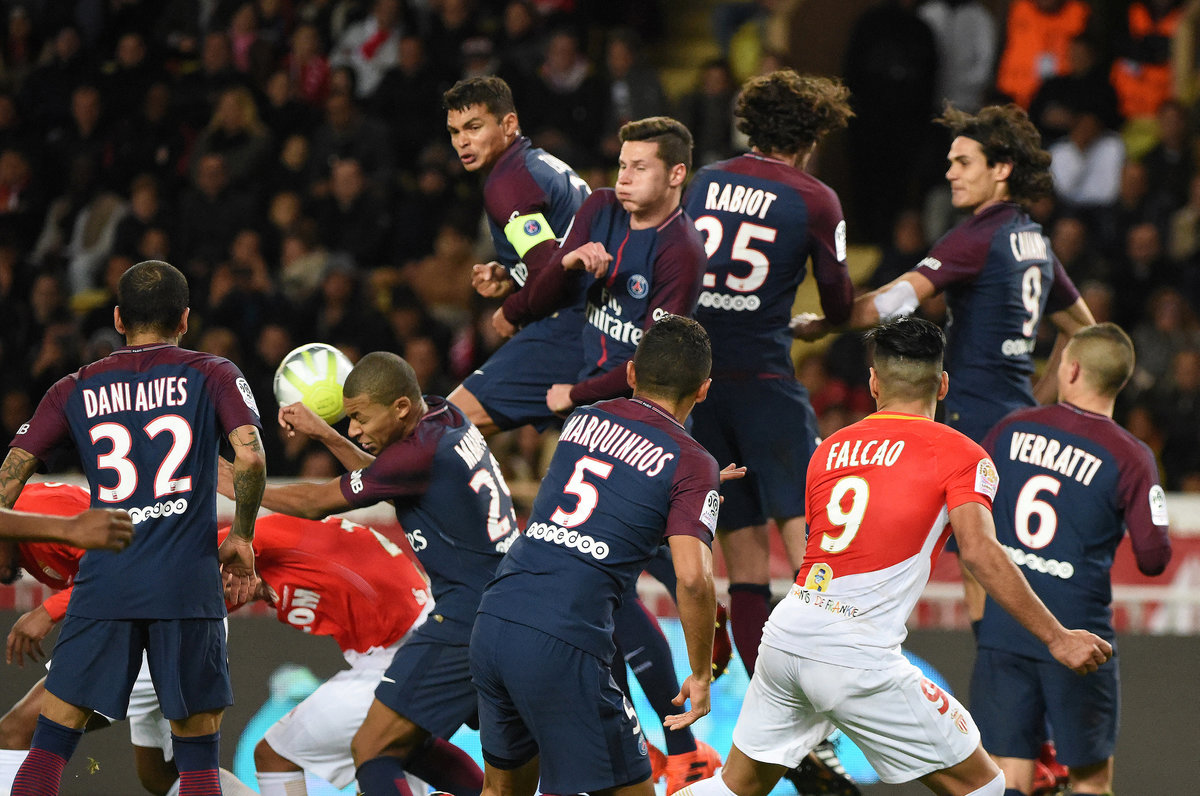The victory put PSG on 38 points after 14 games ahead of Olympique Lyonnais whose 5-0 hammering of Nice had put them second on goal difference above Monaco while Olympique Marseille are fourth on 28 points after a 1-0 home win over Guingamp.
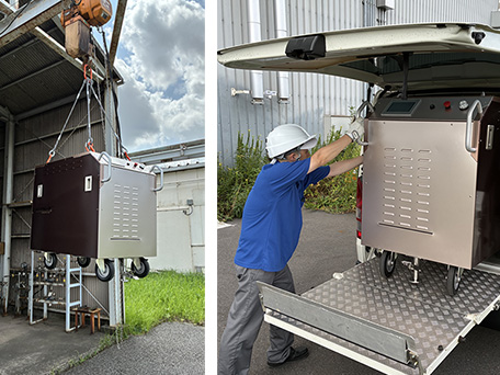 本体の外装・フレームなどの機構部品は腐食対策と防水仕様を施しているため、造船所など塩害が発生する地域でも長期的に屋外で利用できます。アイボルトを備えているためクレーンで運搬でき、キャスタ付きのため、人力での普通車サイズのバンへの積み込みや平地での移動も容易です(図4)。本製品は当社千葉事業所内のインフラレーザラボとお客様のご要望に応じた出張での実演デモにも対応します。
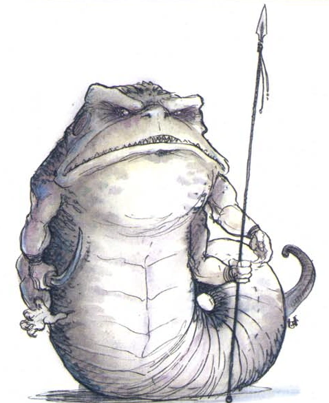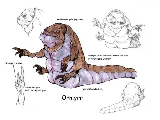 Ormyrr resembled a giant worm with a powerful torso, two sets of short muscular arms with sharp talons, and a huge head that looked somewhat like that of a frog. Their large maws were fanged. Ormyrr's flesh was of pale white, almost mushroom-like color, with a purple underside. Their eyes were crowned with thick bony ridges[1]. Males and females appeared completely identical to any non-ormyrr, and the creatures themselves were able to distinguish sexes by scent, according to sages.[2]

__WHAT YOU ARE ASKED TO DO__: The line with "本体の外装・フレームなどの機" marks the end: restate word for word every line from the top of the data through that one, omitting pictures.

__RESPONSE__:
The victory put PSG on 38 points after 14 games ahead of Olympique Lyonnais whose 5-0 hammering of Nice had put them second on goal difference above Monaco while Olympique Marseille are fourth on 28 points after a 1-0 home win over Guingamp.
 本体の外装・フレームなどの機構部品は腐食対策と防水仕様を施しているため、造船所など塩害が発生する地域でも長期的に屋外で利用できます。アイボルトを備えているためクレーンで運搬でき、キャスタ付きのため、人力での普通車サイズのバンへの積み込みや平地での移動も容易です(図4)。本製品は当社千葉事業所内のインフラレーザラボとお客様のご要望に応じた出張での実演デモにも対応します。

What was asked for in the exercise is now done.